- About this exercise -
Using the string "France" as the key, pull each matching line out of the records below.

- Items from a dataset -

══════════════════════════════

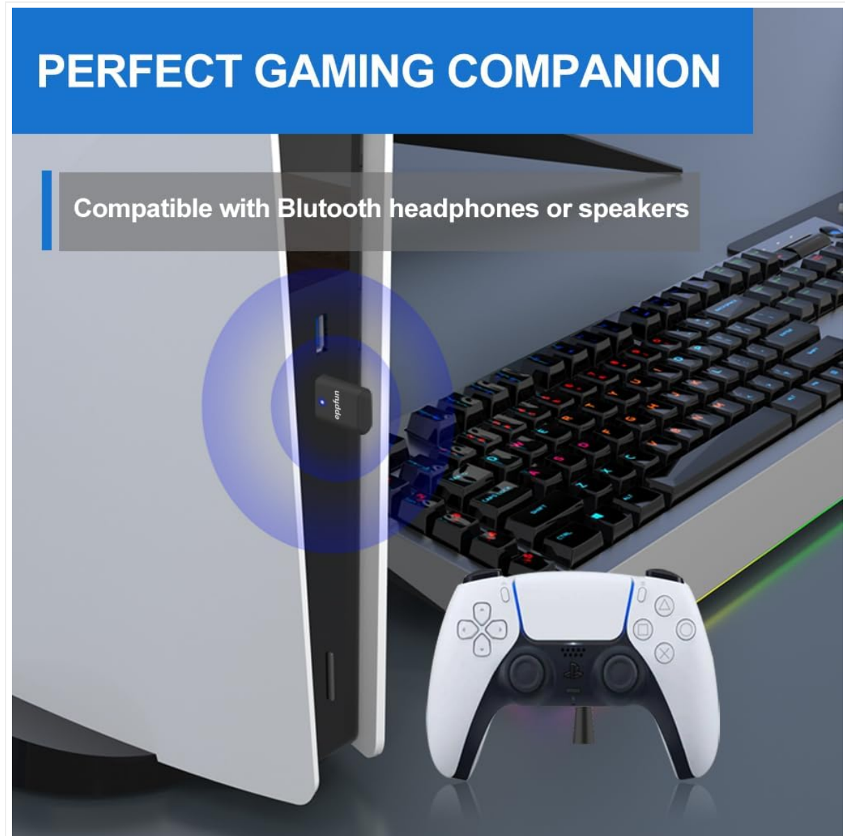
Image: The eppfun AK3040 Pro connected to a PlayStation 5 console, highlighting its use as a gaming companion for wireless audio.
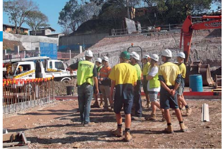
Regular Friday afternoon site visits were an invaluable aspect of the Future Leaders Program training last year.

Projects visited included: a high-rise development where the apprentices were exposed to
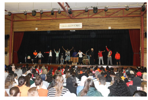
African drummers entertain the Lurnea High School students
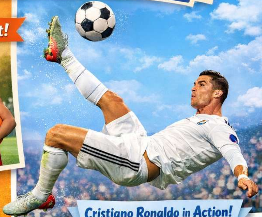
Cristiano Ronaldo in Action!
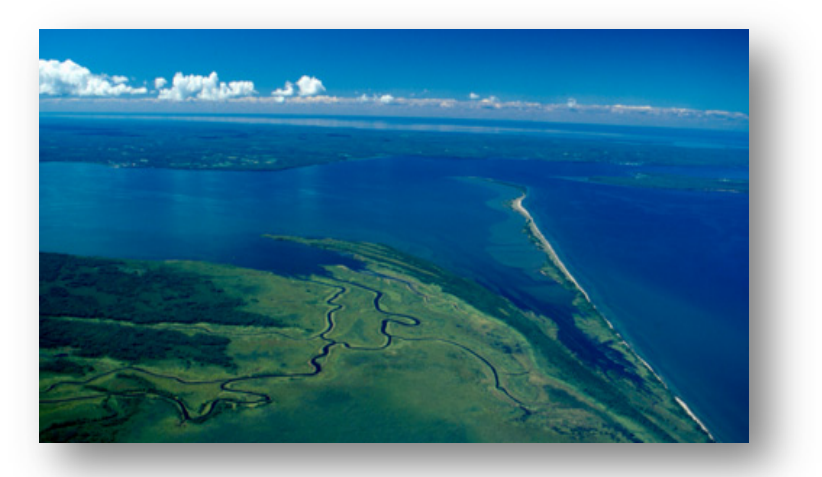
Bad River Reservation: Kakagon Sloughs, Chequamegon Bay, and Long Island

More information on Bad River's Class I and air quality program: http://x.co/BRair
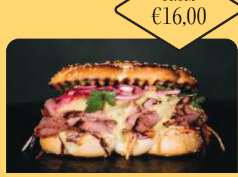
Challah Pastrami sandwich and/or Sabich sandwich
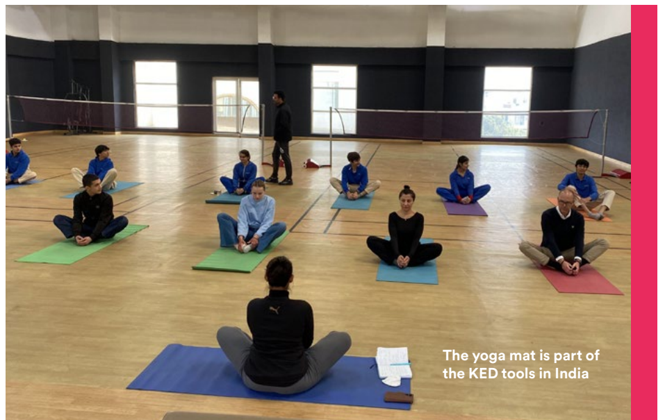
The yoga mat is part of the KED tools in India
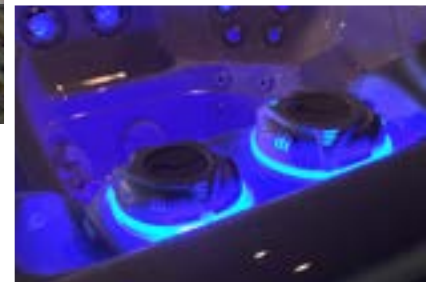
AIR & WATER DIVERTERS
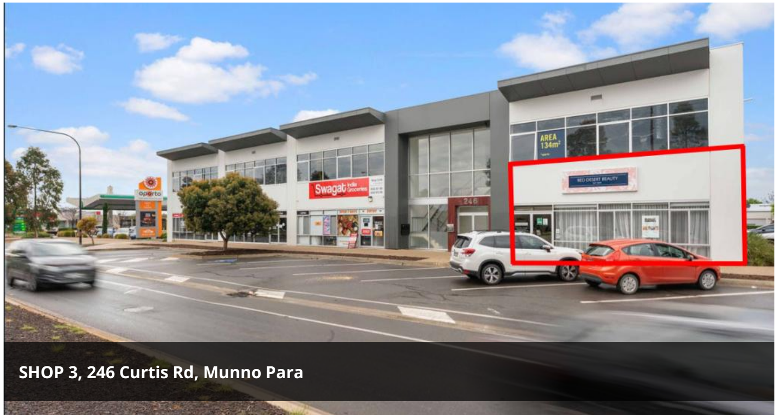
SHOP 3, 246 Curtis Rd, Munno Para
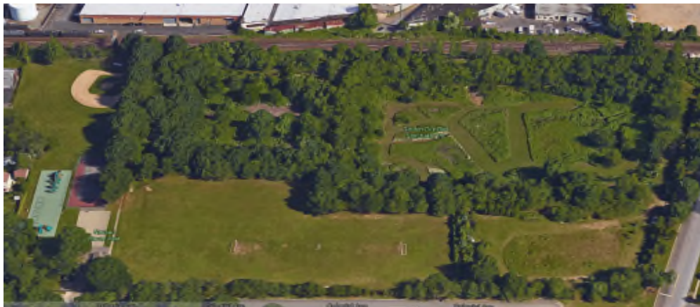
Aerial view of Garden City Bird Sanctuary and New Haven Park.

Floral Park is particularly concerned about vibration impacts in the vicinity of its Recreation Center. The Center includes a pool complex that is directly adjacent to the Main Line and was fully re-constructed in 2015 at great expense to the community. Before undertaking that project, the Village checked the MTA Capital Plan and other materials to confirm that no significant work was being proposed in that area. Now, this Project is proceeding outside the MTA Capital Plan process. The Project will involve a significant increase in track elevation and installation of retaining walls next to the Center. This issue was raised in the Village of Floral Park's comments to the Scoping Document, yet, the DEIS all but ignores it.
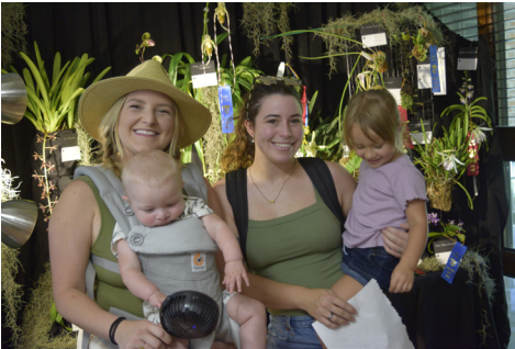
These young mothers had a great time checking out the orchid displays!
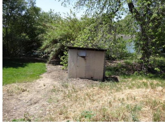
WS- pump house on levee berm.
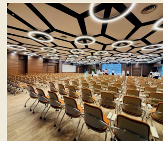
375-Seater Multi-purpose Hall

Bharat Ratnam – Mega Common Facilitation Centre, Gate No. 4 & 5, SEEPZ Special Economic Zone, Andheri (E), Mumbai – 400096.
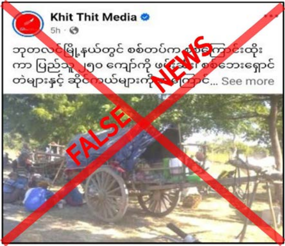
This screenshot reveals false reports.

REPORTS of security forces detaining over 250 innocent people and destroying shelters and motorbikes in Budalin Township, Sagaing Region, have been categorically denied by authorities, who label them as false. A security official described these allegations, circulated by certain media outlets, as unfounded and fabricated. The official stated that security forces are conducting standard security operations in the region and have not been involved in any acts of arson or destruction of civilian properties. The official claimed that the actual perpetrators of such violence are terrorists, who allegedly target villages that do not support them. These groups are accused of burning properties, detaining residents, and committing killings. The circulation of false reports by certain news media is a deliberate attempt to mislead the public, damage the reputation of security forces, and obscure the violent activities of insurgents. According to the official, this misinformation campaign aims to manipulate public perception and divert attention from the actions of terrorist groups. — MNA/MKKS
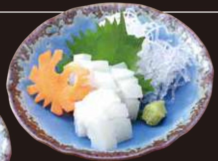
Squid sashimi ¥700
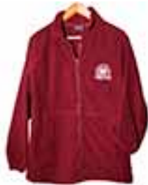
Polar Fleece Top Long Zip $50.00
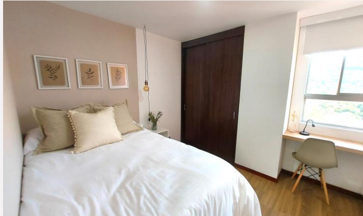
2 nd Bedroom
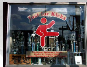
Former Just For Kicks' window sign in Dalton
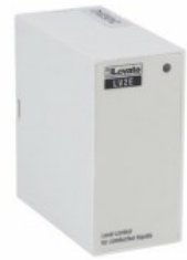
Level control relay for emptying function. Dual voltage. Plug-in version LV2E Emptying
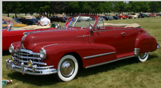
1948 Silver Streak Convertible

Along with new styling came a new model. Continuing the Native American theme of Pontiac, the Chieftain line was introduced to replace the Torpedo. These were built on the GM B-Body platform and featured sportier styling than the more conservative Streamliner.
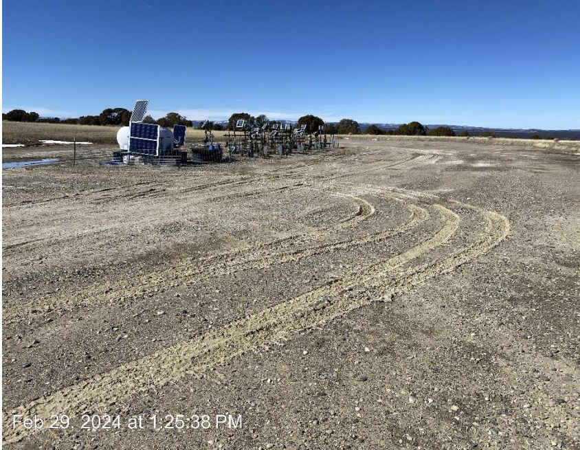
Well pad from Southeast corner
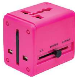
TA 0414 PINK
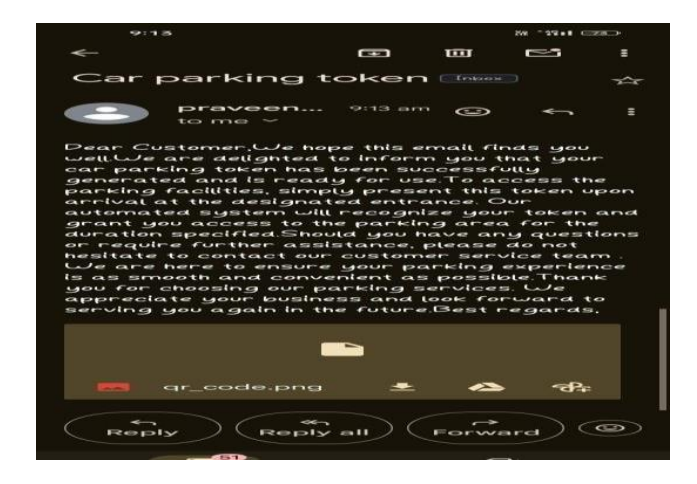
Figure 5- E-token for user
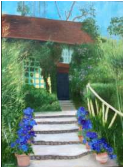
"Gaudy Hotel, Giverny, France"

JANET LIPPMANN - I have just completed this oil painting of the Gaudy Hotel Garden in Giverny, France. (36"x30") I'm also drawing each flower as it blooms in our small garden starting with the daffodils and now the lilacs and allium. Really concentrating on one flower at a time is especially soothing and a constant reminder of how lucky we are to have so much beauty close by during these difficult times.
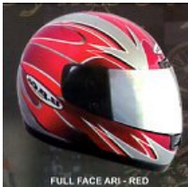
FULL FACE ARI - RED
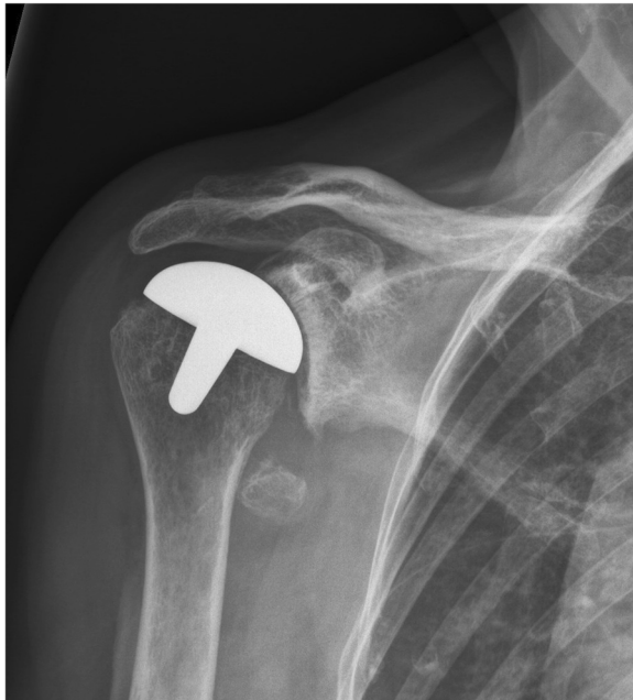
Fig. 4 Post-implant AP radiograph where all observers classified the inclination as being in valgus
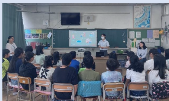
Presentation at local school
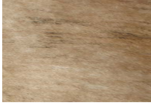
Light to White
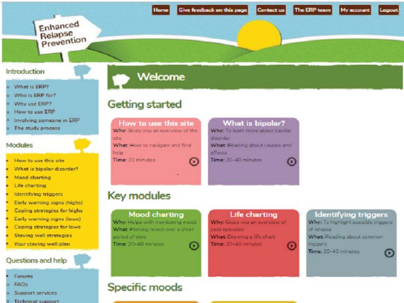
Figure 1. The online enhanced relapse prevention intervention (ERPonline) home page - top of page.
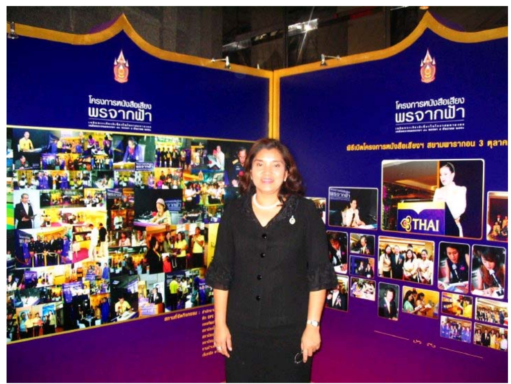
An interviewee with her exhibition
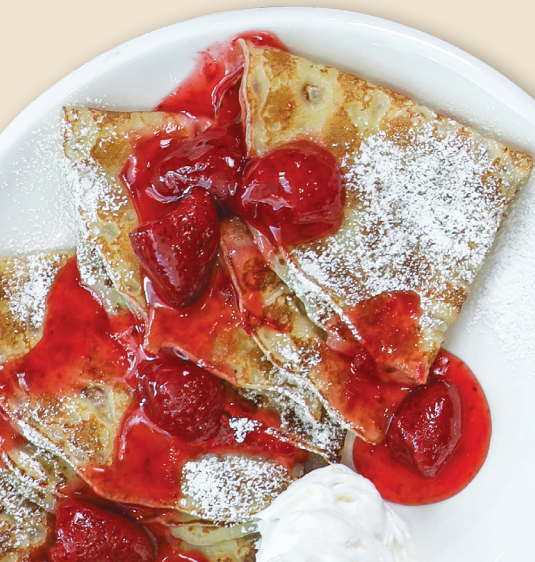
{ STRAWBERRY CRÊPES }

A stack of three of our famous Smitty's™ buttermilk pancakes. 12 99 (V)
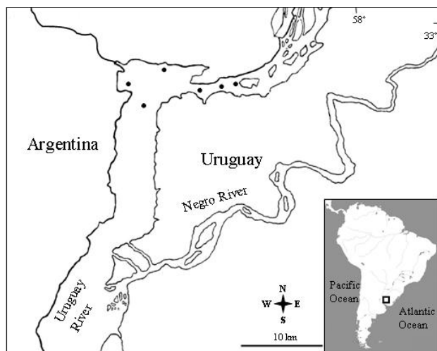
Figure 1. Map of the study area in the Lower Uruguay River, Argentina, South America. • sampling sites at the main river course, bays and banks.

Specimens were collected seasonally between November 2007 and March 2009 in the lower Uruguay River. During the study were conducted 5 samplings in an area located at 33° 5' S - 58° 12' W, 33° 5.9' S - 58° 25' W, covering the main channel, the bays, and the reed beds along the banks of the river (Fig. 1). The material was collected with van Veen dredges and fixed in situ with 5% formalin.
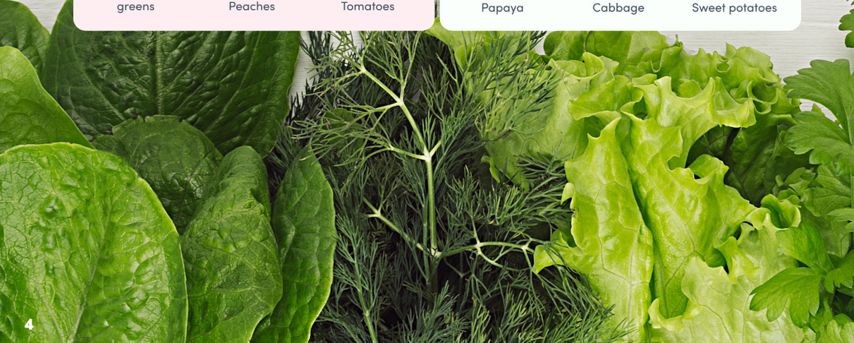
Cantaloupe Manaoes Watermelon

══════════════════════════════

- Answer box -
"Gaudy Hotel, Giverny, France"
JANET LIPPMANN - I have just completed this oil painting of the Gaudy Hotel Garden in Giverny, France. (36"x30") I'm also drawing each flower as it blooms in our small garden starting with the daffodils and now the lilacs and allium. Really concentrating on one flower at a time is especially soothing and a constant reminder of how lucky we are to have so much beauty close by during these difficult times.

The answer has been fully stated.